[Given information]
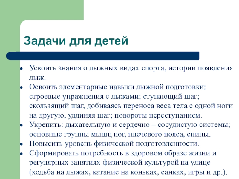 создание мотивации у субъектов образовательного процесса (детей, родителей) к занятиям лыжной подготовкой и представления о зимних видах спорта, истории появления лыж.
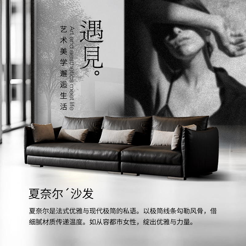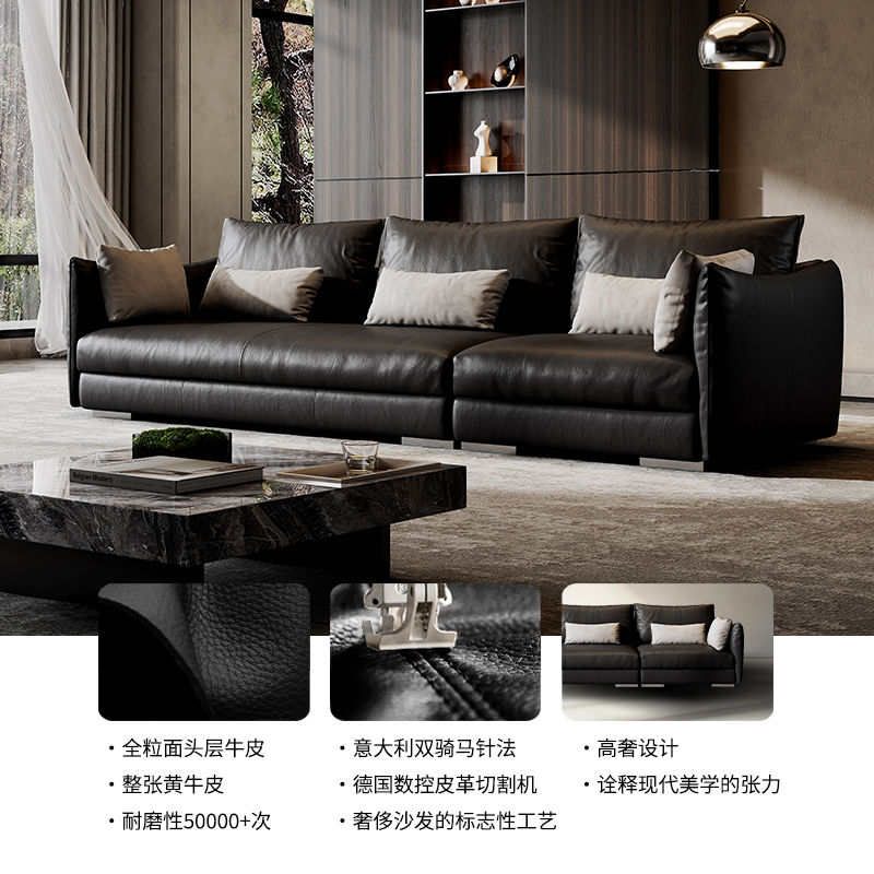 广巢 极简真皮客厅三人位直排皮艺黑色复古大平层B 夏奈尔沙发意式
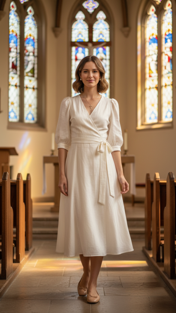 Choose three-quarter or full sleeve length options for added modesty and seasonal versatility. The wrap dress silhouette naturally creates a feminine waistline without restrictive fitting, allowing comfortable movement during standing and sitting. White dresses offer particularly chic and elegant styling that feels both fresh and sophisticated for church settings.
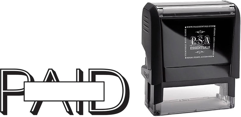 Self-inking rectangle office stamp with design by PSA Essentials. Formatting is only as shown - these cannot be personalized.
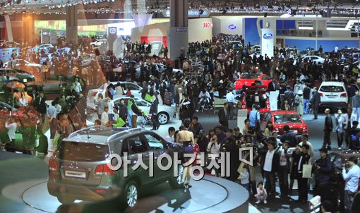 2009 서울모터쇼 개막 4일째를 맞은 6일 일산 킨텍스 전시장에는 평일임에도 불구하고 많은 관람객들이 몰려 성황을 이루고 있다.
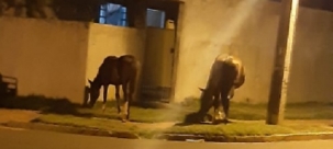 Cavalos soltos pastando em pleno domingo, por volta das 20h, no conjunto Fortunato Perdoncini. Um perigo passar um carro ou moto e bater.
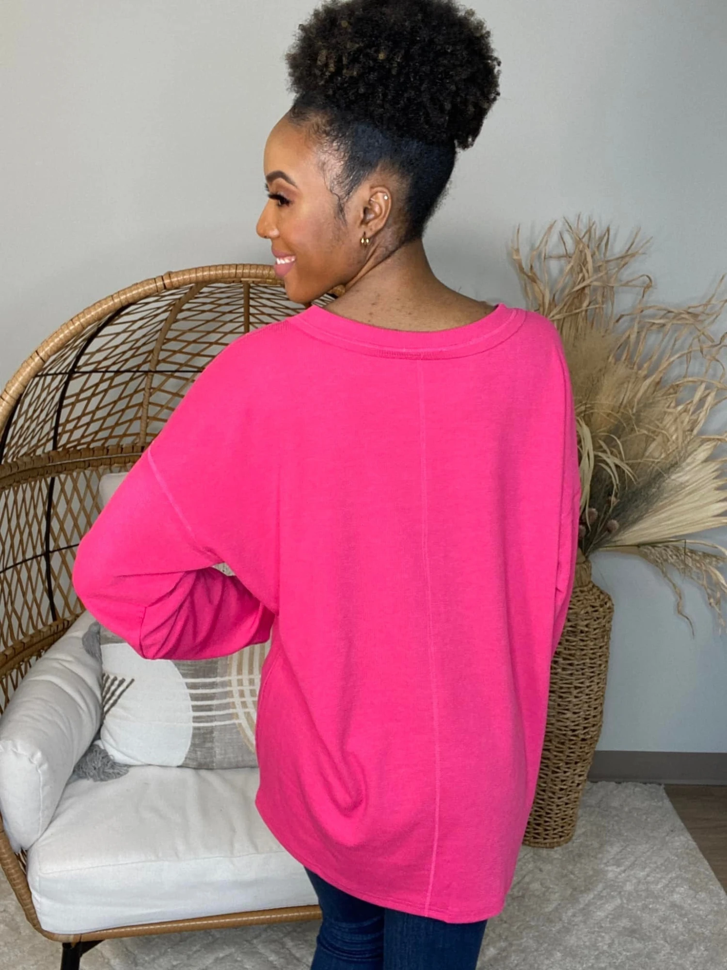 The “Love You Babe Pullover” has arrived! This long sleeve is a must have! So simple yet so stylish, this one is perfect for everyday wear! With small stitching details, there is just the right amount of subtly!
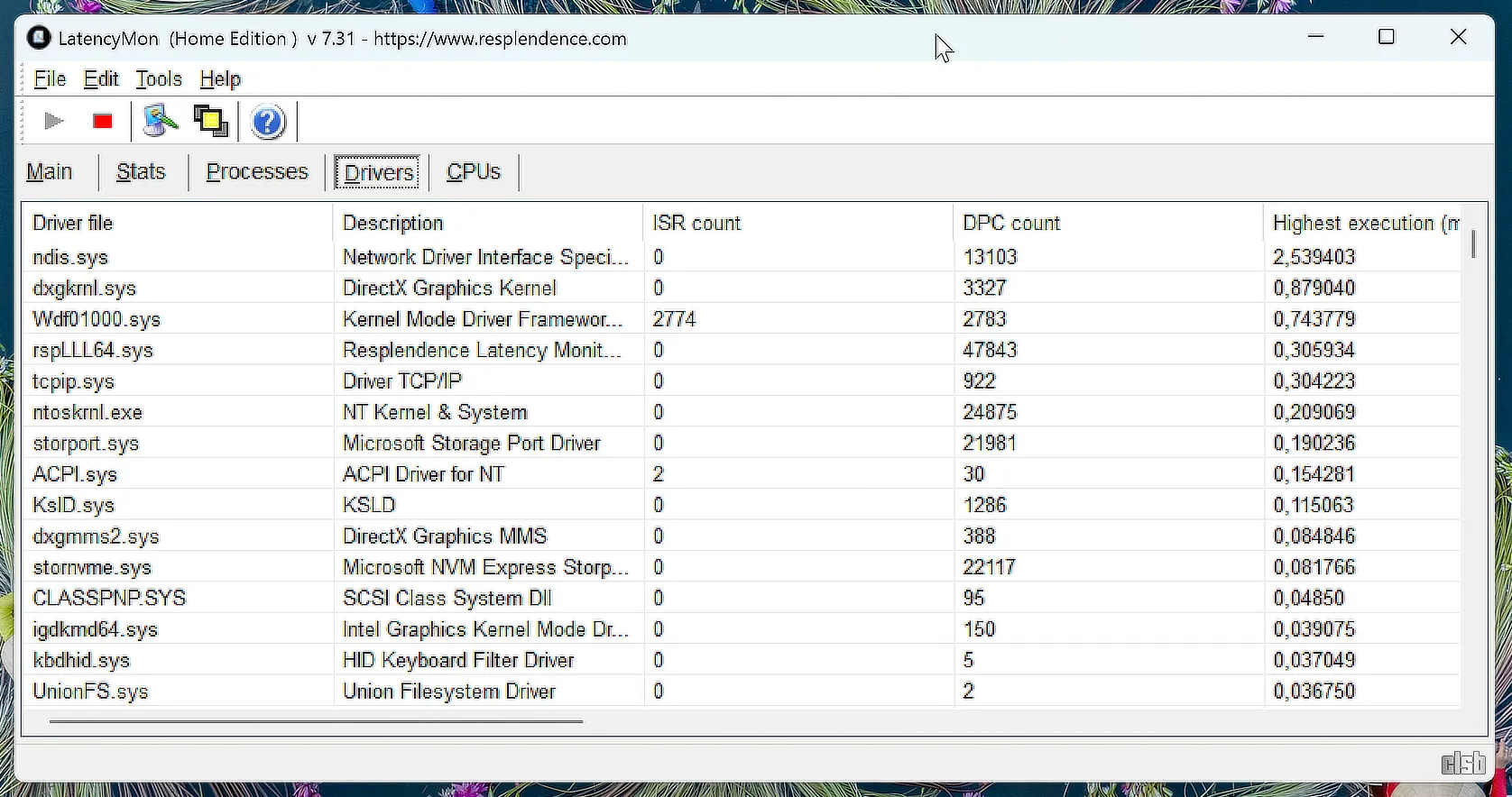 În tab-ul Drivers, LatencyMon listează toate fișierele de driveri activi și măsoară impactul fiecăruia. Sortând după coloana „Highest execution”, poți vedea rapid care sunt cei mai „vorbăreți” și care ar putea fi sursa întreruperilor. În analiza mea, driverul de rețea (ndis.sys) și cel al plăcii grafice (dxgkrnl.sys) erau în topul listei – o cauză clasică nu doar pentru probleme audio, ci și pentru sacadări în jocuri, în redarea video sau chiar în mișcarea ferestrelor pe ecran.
...
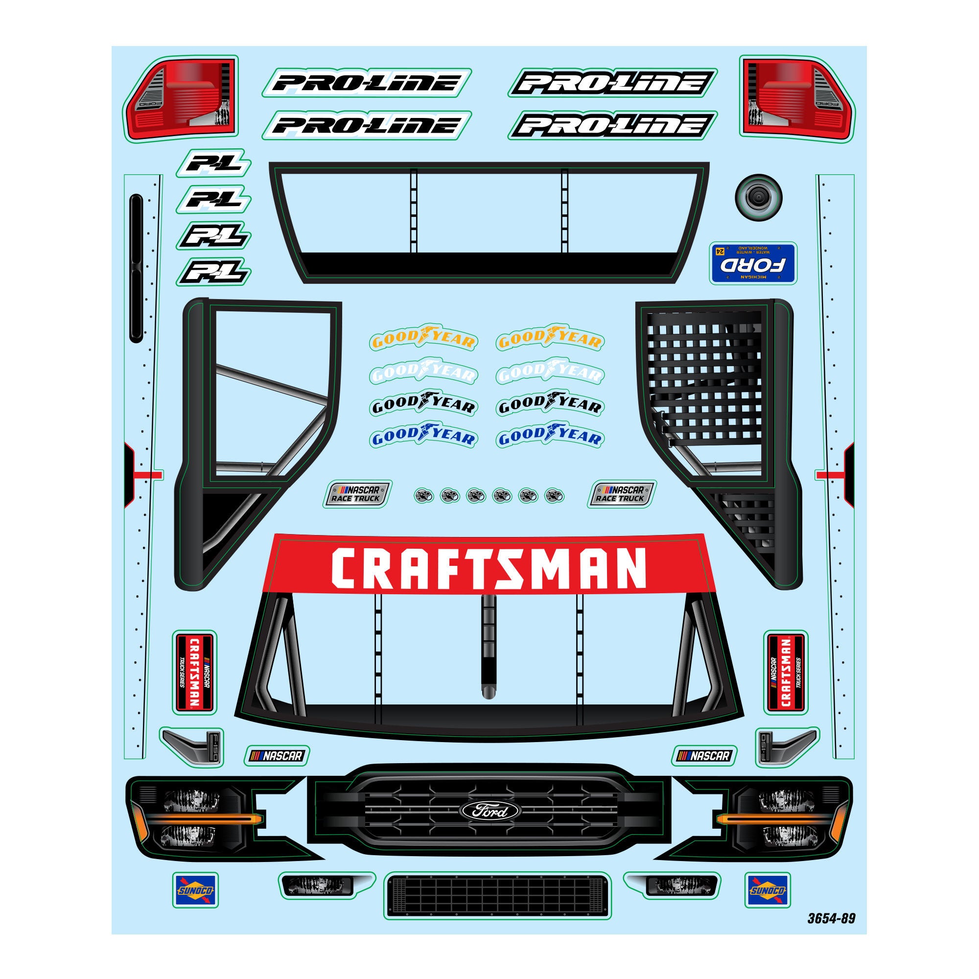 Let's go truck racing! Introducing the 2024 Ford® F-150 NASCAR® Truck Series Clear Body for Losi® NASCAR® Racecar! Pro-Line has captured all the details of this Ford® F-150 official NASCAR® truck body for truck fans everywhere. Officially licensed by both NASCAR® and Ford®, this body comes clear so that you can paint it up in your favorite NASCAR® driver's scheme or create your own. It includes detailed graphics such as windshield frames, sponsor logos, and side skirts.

[Problem to solve] Nothing outside the stretch above, from the line with "создание мотивации у" through the line with "广巢 极简真皮客厅三人位直排皮艺黑色复古大平层B 夏奈尔沙发意式", is set down. Transcribe that stretch exactly, ends included, but not its pictures.

[Solution]
 создание мотивации у субъектов образовательного процесса (детей, родителей) к занятиям лыжной подготовкой и представления о зимних видах спорта, истории появления лыж.
 广巢 极简真皮客厅三人位直排皮艺黑色复古大平层B 夏奈尔沙发意式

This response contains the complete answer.